What is cannabis ?
The pulp is used as fuel, and to make paper. The seed is suitable for both human and animal foods. The oil from the seed can be used in as a base for paints and varnishes. The medicine is a tincture or admixture of the sticky resin in the blossoms and leaves of the hemp plant, and is used for a variety of purposes.
How much weed should a joint contain ?
The amount of weed in a joint can differ greatly. There are people who smoke joints containing only pure weed or hash. The disadvantage of this is that the joint doesn’t burn straight, and you have to light it a few times. The regular joint contains 0.5 to 0.75 grams, depending on the quality of your weed or hash.
When did marijuana become illegal ?
Marijuana was grown by many early colonists but was outlawed in the 1920s by Congress after an intense lobbying effort by John D. Anslinger.

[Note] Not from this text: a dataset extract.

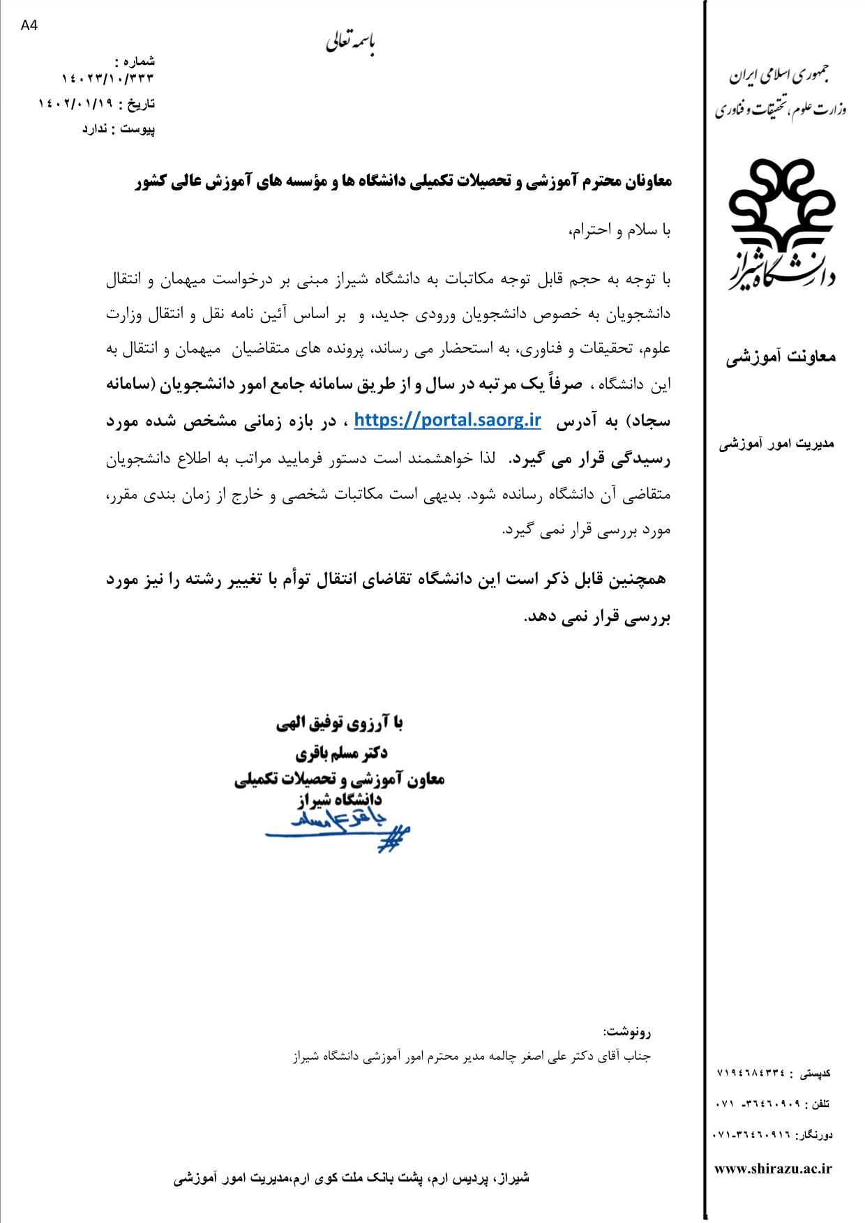 قابل توجه دانشجویان کارشناسی ( ثبت درخواست مهمانی یا انتقالی در دانشگاههای شیراز، قوچان ، سمنان)

It is currently classified as a Schedule 1 drug, despite many potential benefits.
What are marijuana’s effects ?
Once ingested, THC enters the bloodstream and is carried to different parts of the body, including the brain, where it binds to cannabinoid receptors on specific nerve cells and triggers the release of dopamine, the brain’s “pleasure chemical.” This is what creates the drug’s intoxicating effect. Smoking marijuana can bring about an altered mental state within seconds; when consumed as food, it may take up to an hour. Marijuana’s hallmark sign is its dreamy euphoria. The “stoned” user is typically relaxed, or “laid back,” and may become giggly or experience heightened auditory and visual sensations. (Popular culture has certified entire genres of films and music as “stoner movies” and “stoner bands” for their appeal to people using marijuana.) Other effects can include short-term memory problems (“What was I saying again?”) and an inability to concentrate. Physically, the drug hinders your reaction time, hampers your coordination, and distorts your perception, all of which make driving a very bad idea. Marijuana often induces serious hunger cravings (popularly known as “the munchies”). It dries out your mouth (“cotton mouth”), accelerates your heart rate, and expands the blood vessels in your eyes (producing the telltale bloodshot look). The strength and concentration of the drug and whether it’s mixed with another substance can intensify some or all of these effects.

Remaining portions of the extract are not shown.